------ GIVEN RECORDS ------

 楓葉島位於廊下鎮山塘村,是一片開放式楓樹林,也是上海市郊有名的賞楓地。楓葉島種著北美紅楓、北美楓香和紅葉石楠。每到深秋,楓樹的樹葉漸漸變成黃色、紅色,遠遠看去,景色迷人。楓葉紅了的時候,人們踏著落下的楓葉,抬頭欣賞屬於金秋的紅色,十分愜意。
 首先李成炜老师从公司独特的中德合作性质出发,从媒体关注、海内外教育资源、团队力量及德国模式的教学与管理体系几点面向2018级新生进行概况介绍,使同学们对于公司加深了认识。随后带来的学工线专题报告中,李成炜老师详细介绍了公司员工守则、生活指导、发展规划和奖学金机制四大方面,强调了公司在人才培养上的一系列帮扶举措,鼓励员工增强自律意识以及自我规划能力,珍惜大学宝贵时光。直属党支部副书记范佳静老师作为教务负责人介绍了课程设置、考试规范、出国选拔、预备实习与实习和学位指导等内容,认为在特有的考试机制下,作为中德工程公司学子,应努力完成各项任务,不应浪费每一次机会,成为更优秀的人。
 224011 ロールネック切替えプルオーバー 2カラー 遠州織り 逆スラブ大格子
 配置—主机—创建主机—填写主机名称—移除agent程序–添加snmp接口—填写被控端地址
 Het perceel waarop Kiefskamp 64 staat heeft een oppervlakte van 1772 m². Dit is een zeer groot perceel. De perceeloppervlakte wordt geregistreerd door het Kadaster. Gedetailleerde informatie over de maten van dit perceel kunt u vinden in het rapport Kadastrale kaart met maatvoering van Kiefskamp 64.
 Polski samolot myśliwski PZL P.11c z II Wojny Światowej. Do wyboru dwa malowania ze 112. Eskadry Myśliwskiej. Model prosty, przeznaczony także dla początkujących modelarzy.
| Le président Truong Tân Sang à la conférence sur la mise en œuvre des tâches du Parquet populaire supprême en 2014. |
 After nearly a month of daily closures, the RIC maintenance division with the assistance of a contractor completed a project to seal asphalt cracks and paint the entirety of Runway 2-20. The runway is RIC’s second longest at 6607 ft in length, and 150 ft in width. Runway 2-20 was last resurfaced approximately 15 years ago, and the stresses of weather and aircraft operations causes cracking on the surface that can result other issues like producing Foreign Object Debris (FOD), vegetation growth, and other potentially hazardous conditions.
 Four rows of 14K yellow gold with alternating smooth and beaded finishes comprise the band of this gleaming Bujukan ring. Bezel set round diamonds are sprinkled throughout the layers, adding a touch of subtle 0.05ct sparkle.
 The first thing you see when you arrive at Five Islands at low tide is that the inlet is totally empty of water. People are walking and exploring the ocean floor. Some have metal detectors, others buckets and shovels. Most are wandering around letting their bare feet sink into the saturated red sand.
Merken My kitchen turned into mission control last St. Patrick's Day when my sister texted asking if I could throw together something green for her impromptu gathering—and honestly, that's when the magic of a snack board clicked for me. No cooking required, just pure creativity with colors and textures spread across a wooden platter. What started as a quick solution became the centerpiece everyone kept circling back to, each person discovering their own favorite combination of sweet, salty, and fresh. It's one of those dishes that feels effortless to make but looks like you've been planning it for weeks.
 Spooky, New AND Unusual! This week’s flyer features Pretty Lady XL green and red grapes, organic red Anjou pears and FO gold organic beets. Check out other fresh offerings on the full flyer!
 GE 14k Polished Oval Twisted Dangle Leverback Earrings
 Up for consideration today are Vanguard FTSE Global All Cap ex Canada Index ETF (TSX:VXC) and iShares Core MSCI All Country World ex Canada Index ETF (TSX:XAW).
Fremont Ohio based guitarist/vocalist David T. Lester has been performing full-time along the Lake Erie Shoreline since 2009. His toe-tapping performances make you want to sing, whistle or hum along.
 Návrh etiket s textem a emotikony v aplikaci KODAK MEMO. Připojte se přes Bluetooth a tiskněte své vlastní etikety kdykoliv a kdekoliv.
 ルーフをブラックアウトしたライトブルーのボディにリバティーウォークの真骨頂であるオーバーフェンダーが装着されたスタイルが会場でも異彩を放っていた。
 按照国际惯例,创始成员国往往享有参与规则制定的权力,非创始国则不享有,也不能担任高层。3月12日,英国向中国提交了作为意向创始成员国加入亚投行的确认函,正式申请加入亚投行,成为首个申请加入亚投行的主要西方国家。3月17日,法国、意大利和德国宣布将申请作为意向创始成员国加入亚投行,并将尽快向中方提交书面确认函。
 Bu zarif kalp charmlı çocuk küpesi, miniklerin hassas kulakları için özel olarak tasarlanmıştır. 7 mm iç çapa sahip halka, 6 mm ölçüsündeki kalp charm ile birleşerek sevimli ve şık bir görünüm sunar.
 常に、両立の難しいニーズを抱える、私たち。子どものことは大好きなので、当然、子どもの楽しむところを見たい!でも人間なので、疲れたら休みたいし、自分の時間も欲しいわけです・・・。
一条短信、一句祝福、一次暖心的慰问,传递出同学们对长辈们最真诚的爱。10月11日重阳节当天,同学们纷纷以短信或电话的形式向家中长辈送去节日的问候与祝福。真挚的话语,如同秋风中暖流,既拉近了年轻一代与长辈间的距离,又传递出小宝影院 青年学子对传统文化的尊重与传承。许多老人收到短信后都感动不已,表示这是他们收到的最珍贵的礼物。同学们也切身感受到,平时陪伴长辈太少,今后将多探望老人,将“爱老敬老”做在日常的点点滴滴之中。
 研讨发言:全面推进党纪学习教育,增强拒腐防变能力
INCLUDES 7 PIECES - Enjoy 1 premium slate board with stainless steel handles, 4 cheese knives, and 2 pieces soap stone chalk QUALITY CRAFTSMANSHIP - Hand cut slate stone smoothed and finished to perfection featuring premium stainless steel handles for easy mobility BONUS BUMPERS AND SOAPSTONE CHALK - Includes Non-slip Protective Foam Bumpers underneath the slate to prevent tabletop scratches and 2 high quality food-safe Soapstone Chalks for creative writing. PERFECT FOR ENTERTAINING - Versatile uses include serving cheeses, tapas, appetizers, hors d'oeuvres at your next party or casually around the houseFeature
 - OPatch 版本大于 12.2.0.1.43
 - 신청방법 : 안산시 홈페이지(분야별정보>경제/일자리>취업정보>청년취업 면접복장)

------

# PROBLEM DETAILS
Write out the entries verbatim, all of them.

# YOUR RESPONSE
 楓葉島位於廊下鎮山塘村,是一片開放式楓樹林,也是上海市郊有名的賞楓地。楓葉島種著北美紅楓、北美楓香和紅葉石楠。每到深秋,楓樹的樹葉漸漸變成黃色、紅色,遠遠看去,景色迷人。楓葉紅了的時候,人們踏著落下的楓葉,抬頭欣賞屬於金秋的紅色,十分愜意。
 首先李成炜老师从公司独特的中德合作性质出发,从媒体关注、海内外教育资源、团队力量及德国模式的教学与管理体系几点面向2018级新生进行概况介绍,使同学们对于公司加深了认识。随后带来的学工线专题报告中,李成炜老师详细介绍了公司员工守则、生活指导、发展规划和奖学金机制四大方面,强调了公司在人才培养上的一系列帮扶举措,鼓励员工增强自律意识以及自我规划能力,珍惜大学宝贵时光。直属党支部副书记范佳静老师作为教务负责人介绍了课程设置、考试规范、出国选拔、预备实习与实习和学位指导等内容,认为在特有的考试机制下,作为中德工程公司学子,应努力完成各项任务,不应浪费每一次机会,成为更优秀的人。
 224011 ロールネック切替えプルオーバー 2カラー 遠州織り 逆スラブ大格子
 配置—主机—创建主机—填写主机名称—移除agent程序–添加snmp接口—填写被控端地址
 Het perceel waarop Kiefskamp 64 staat heeft een oppervlakte van 1772 m². Dit is een zeer groot perceel. De perceeloppervlakte wordt geregistreerd door het Kadaster. Gedetailleerde informatie over de maten van dit perceel kunt u vinden in het rapport Kadastrale kaart met maatvoering van Kiefskamp 64.
 Polski samolot myśliwski PZL P.11c z II Wojny Światowej. Do wyboru dwa malowania ze 112. Eskadry Myśliwskiej. Model prosty, przeznaczony także dla początkujących modelarzy.
| Le président Truong Tân Sang à la conférence sur la mise en œuvre des tâches du Parquet populaire supprême en 2014. |
 After nearly a month of daily closures, the RIC maintenance division with the assistance of a contractor completed a project to seal asphalt cracks and paint the entirety of Runway 2-20. The runway is RIC’s second longest at 6607 ft in length, and 150 ft in width. Runway 2-20 was last resurfaced approximately 15 years ago, and the stresses of weather and aircraft operations causes cracking on the surface that can result other issues like producing Foreign Object Debris (FOD), vegetation growth, and other potentially hazardous conditions.
 Four rows of 14K yellow gold with alternating smooth and beaded finishes comprise the band of this gleaming Bujukan ring. Bezel set round diamonds are sprinkled throughout the layers, adding a touch of subtle 0.05ct sparkle.
 The first thing you see when you arrive at Five Islands at low tide is that the inlet is totally empty of water. People are walking and exploring the ocean floor. Some have metal detectors, others buckets and shovels. Most are wandering around letting their bare feet sink into the saturated red sand.
Merken My kitchen turned into mission control last St. Patrick's Day when my sister texted asking if I could throw together something green for her impromptu gathering—and honestly, that's when the magic of a snack board clicked for me. No cooking required, just pure creativity with colors and textures spread across a wooden platter. What started as a quick solution became the centerpiece everyone kept circling back to, each person discovering their own favorite combination of sweet, salty, and fresh. It's one of those dishes that feels effortless to make but looks like you've been planning it for weeks.
 Spooky, New AND Unusual! This week’s flyer features Pretty Lady XL green and red grapes, organic red Anjou pears and FO gold organic beets. Check out other fresh offerings on the full flyer!
 GE 14k Polished Oval Twisted Dangle Leverback Earrings
 Up for consideration today are Vanguard FTSE Global All Cap ex Canada Index ETF (TSX:VXC) and iShares Core MSCI All Country World ex Canada Index ETF (TSX:XAW).
Fremont Ohio based guitarist/vocalist David T. Lester has been performing full-time along the Lake Erie Shoreline since 2009. His toe-tapping performances make you want to sing, whistle or hum along.
 Návrh etiket s textem a emotikony v aplikaci KODAK MEMO. Připojte se přes Bluetooth a tiskněte své vlastní etikety kdykoliv a kdekoliv.
 ルーフをブラックアウトしたライトブルーのボディにリバティーウォークの真骨頂であるオーバーフェンダーが装着されたスタイルが会場でも異彩を放っていた。
 按照国际惯例,创始成员国往往享有参与规则制定的权力,非创始国则不享有,也不能担任高层。3月12日,英国向中国提交了作为意向创始成员国加入亚投行的确认函,正式申请加入亚投行,成为首个申请加入亚投行的主要西方国家。3月17日,法国、意大利和德国宣布将申请作为意向创始成员国加入亚投行,并将尽快向中方提交书面确认函。
 Bu zarif kalp charmlı çocuk küpesi, miniklerin hassas kulakları için özel olarak tasarlanmıştır. 7 mm iç çapa sahip halka, 6 mm ölçüsündeki kalp charm ile birleşerek sevimli ve şık bir görünüm sunar.
 常に、両立の難しいニーズを抱える、私たち。子どものことは大好きなので、当然、子どもの楽しむところを見たい!でも人間なので、疲れたら休みたいし、自分の時間も欲しいわけです・・・。
一条短信、一句祝福、一次暖心的慰问,传递出同学们对长辈们最真诚的爱。10月11日重阳节当天,同学们纷纷以短信或电话的形式向家中长辈送去节日的问候与祝福。真挚的话语,如同秋风中暖流,既拉近了年轻一代与长辈间的距离,又传递出小宝影院 青年学子对传统文化的尊重与传承。许多老人收到短信后都感动不已,表示这是他们收到的最珍贵的礼物。同学们也切身感受到,平时陪伴长辈太少,今后将多探望老人,将“爱老敬老”做在日常的点点滴滴之中。
 研讨发言:全面推进党纪学习教育,增强拒腐防变能力
INCLUDES 7 PIECES - Enjoy 1 premium slate board with stainless steel handles, 4 cheese knives, and 2 pieces soap stone chalk QUALITY CRAFTSMANSHIP - Hand cut slate stone smoothed and finished to perfection featuring premium stainless steel handles for easy mobility BONUS BUMPERS AND SOAPSTONE CHALK - Includes Non-slip Protective Foam Bumpers underneath the slate to prevent tabletop scratches and 2 high quality food-safe Soapstone Chalks for creative writing. PERFECT FOR ENTERTAINING - Versatile uses include serving cheeses, tapas, appetizers, hors d'oeuvres at your next party or casually around the houseFeature
 - OPatch 版本大于 12.2.0.1.43
 - 신청방법 : 안산시 홈페이지(분야별정보>경제/일자리>취업정보>청년취업 면접복장)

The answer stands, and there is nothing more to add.